The 2D density contribution is the product: b(dx, wx) · b(dy, wy). This extends slightly beyond the component's edges — no sharp cutoffs.

TRY IT

Top: 1D cross-section — blue rectangle is the physical footprint, the curve is the bell replacement. Adjust width to see wider components produce flatter bells. Bottom: 2D density field of a single component. Drag it and watch the smooth blob follow.

COMPONENT WIDTH 80 px

KEY INSIGHT

The bell function is the bridge between hard rectangles (physical world) and smooth functions (mathematical world). Density changes continuously as a component slides — no cell-boundary artifacts. Same trick used in finite elements and fluid dynamics.

PART III — OPTIMIZATION

Differentiable wirelength + differentiable density = a loss function we can minimize. The remaining challenges: the landscape is non-convex (many local minima), so we need a clever γ schedule. And we need congestion awareness so the router can actually connect what we've placed.

06 — COMBINED OBJECTIVE

Wirelength vs Density

Now we put it together. The total loss is a weighted sum of two competing forces:

L = w_wl × wirelength + w_dn × density_penalty

Wirelength pulls connected components together — short wires are good. Density pushes them apart — overlap is bad. The final placement lives at equilibrium.

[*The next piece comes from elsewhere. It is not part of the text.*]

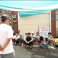 S형, 잘 있지요? 요즘 제 기분은 장마 전선처럼 저기압과 고기압을 오락가락합니다. 하루에도 몇 번씩 울다 웃다 하는 거지요. 그렇지만 어제(6월20일) 오후에는 운 좋게 비 갠 날처럼 내내 환했습니다. 이유가 있었습니다. 소위 사측 사람들이 우리 앞에서 ‘생쑈’를 한 덕입니다. 그들의 생뚱맞은 ‘무대 소품’을 보며, 그들의 어색한 모습을 사진 찍으며 몇 번이나 싱긋빙긋 웃었는지 모릅니다. 지금부터 어떤 쇼가 있었는지 제 기억을 재생해 보겠습니다. 오후 3시20분. 단식 중인 동료들 옆에 앉아 책장을 넘기고 있는데, 윤무영 기자가 뜻밖의 말을 전했습니다. “사측 사람들이 집회를 해서 자리를 조금 비켜줘야 한대요. 한 5분….” 한 달 간 집회 신고를 해놓고 아무것도 안 하다가, 경찰이 오락가락하니까 집회 시늉을 하는 거라고 했습니다. 그럼 한 번 지켜볼까. 게다가 심회장 집 앞은 우리가 영원히 찜한 곳이 아니었으므로 짐을 치워주지 뭐^^. 매트리스와 물통을 막 골목 건너편으로 옮기는데, 누군가 비탈길 위쪽 계단을 가리켰습니다. 그 순간 영화 <주유소 습격사건>과 <비열한 거리> 등에서 본 익숙한 장면이 펼쳐졌습니다. 일고여덟 명의 건장한(?) 사내들이 봉고차에서 우르르 내린 것입니다. 재미있게도 그들의 손에는 야구방망이나 쇠파이프가 아니라, 피켓이 들려 있었습니다. 피켓을 들고 쭐레쭐레 계단을 내려오는 그들의 모습은 퍽 우스꽝스러웠습니다. 개중에는 아는 얼굴도 더러 보였습니다. 기자들이 집회를 할 때마다 불편한 얼굴로 쳐다보던 충복들. 심회장 집 앞에 도착한 열 명의 충복은 쭈뼛쭈뼛거리며 현수막을 펴고, 피켓을 치켜 올렸습니다. ‘생쑈’를 보는 기분은 묘했습니다. 우리가 집회를 할 때마다 나타나 불편한 얼굴로 쳐다보던 충복들이 비슷한 행위를 하고 있으니, 온몸이 어지러울 수밖에요. 게다가 현수막에 쓰인 생뚱맞은 문구라니. ‘우리 출판 살리기 결의대회’. 우리 출판이라고? 도저히 이해 불가능한 명사의 조합. 그럼 남의 출판도 있는 거니? 피켓에 쓰인 문구도 가관이었습니다. <출판은 지식과 정보의 샘, 우리 함께 키웁시다> <함께 만들어가는 출판, 같이 누리는 밝은 미래> <출판은 문화의 상징, 우리 출판 우리가 살리자> <세계를 움직이는 힘, 독서에서 나온다>. 모두 중간이나 어미에 물음표를 붙여야 할 것 같은 구호들. 순간 엉뚱한 상상력이 발동했습니다. ‘출판’을 ‘시사저널’로 바꾸어본 거지요. 우리 시사저널 살리기 결의대회? 시사저널은 지식과 정보의 샘, 우리 함께 키웁시다? 시사저널은 문화의 상징, 우리 시사저널 우리가 살리자? 후후, 저절로 새어 나오는 웃음. 사진을 몇 장 찍으며 화투장만한 파인더로 보아도 그들은 여전히 어색했습니다. 그래서 놀리듯 농담 한마디를 툭 던졌습니다. “아무리 봐도 몹시 어색합니다!” 겸연쩍었던지 그들이 히죽히죽 웃었습니다. 내친 김에 한마디 더 얹었습니다. “구호도 외치고 해야죠!” 돌아온 대답이 걸작입니다. “침묵 시위하는 거예요. 침묵시위.” 하하. 침묵시위와 엉뚱한 상상력이 결합하자 저절로 웃음이 삐져 나왔습니다. 그렇지만 비웃음을 감추는 센스! 10분. 그들이 심회장 집 앞에서 어색하고 알쏭달쏭한 쇼를 한 시간입니다. 도대체 열 명의 충복은 그 짧은 시간에, 그 이상한 피켓과 현수막을 들고 무슨 생각을 했을까요? 자랑스러웠을까요, 아니면 쪽팔렸을까요. 아니면 ‘목구멍이 포도청이라 내 마지못해 한다’라고 생각했을까요. 저는 불쌍하고 안타까웠습니다. 시사저널 사태를 일으킨 ‘거물’들은 뒤 쪽에 물러앉아서 뒷짐을 지고 있거나 거드름을 피며 희희낙락하고 있는데, 충복들이 무슨 죄가 있어서 저런 이상야릇한 행위를 하나 싶었던 거지요. 하루빨리 그들도 이성이나 야성(?)을 되찾았으면 하는 바람입니다. 아차, 쇼 중계를 하느라 단식하는 두 분과 오늘 오후에 있었던 다른 일들을 잊을 뻔했네요. 두 분은 기운이 쪽 빠진 모습이었습니다. 발이 무거워 짧은 거리를 걷는데도 힘들어하는 기색이 역력했습니다. 다행히 간간이 내비치는 웃음이 더 맑아져서 위로가 되었습니다. 그렇지만 단식은 하루라도 빨리 끝냈으면 하는 바람입니다. 새출발 준비는 언제 할 거냐고요? 오늘은 해가 비치지 않아 약간 션했고, 가끔 선들바람도 불어 겨드랑이의 땀도 시원히 말려주었습니다. 시사모의 열혈 청년 안일 환희 백마담 등이 왕림하셔서 ‘자리’를 지키다 가셨고, ‘돌아오라’는 소리를 기다리느라 귀가 늘어난 이아무개 편집위원과 파업 기자 여러분도 얼굴을 비췄습니다. 저녁에는 노아무개 기자가 눈빛 초롱초롱한 아들과 나타나 깨나른한 나를 일깨웠고, 행사 때마다 홍길동처럼 나타나는 금속노조원 최아무개 선생은 야심한 시각에 나타나 술 취한 동네 노인과 대차게 대거리를 하다 돌아가셨습니다. 2007년 6월20일 시사저널 오윤현

The heatmap shows the combined loss landscape for component D (green dot). Components A, B, C are fixed. D is connected to A and B via one net, and to A alone via another. Blue = low loss (good placement). Red = high loss (bad).

TRY IT

Adjust w_wl and w_dn to shift the landscape. Hit Play to watch gradient descent. Toggle Nesterov to compare — it overshoots then corrects, converging faster. Drag D to a new start position and watch it find the minimum from there.

W_WL 1.00

W_DN 0.50

NESTEROV

KEY INSIGHT

The real placer does exactly this with ~40 components and ~150 nets simultaneously, written in Rust (crates/placer) with hand-derived analytical gradients — no autograd needed. The weights are not manually scheduled: density weight is closed-loop on overflow (Section 10), and γ doubles every 400 iterations whenever overflow is improving (Section 7).

* * *

07 — γ SCHEDULING

Coarse to Fine

You might think: just set γ high from the start for the most accurate objective. That's a trap.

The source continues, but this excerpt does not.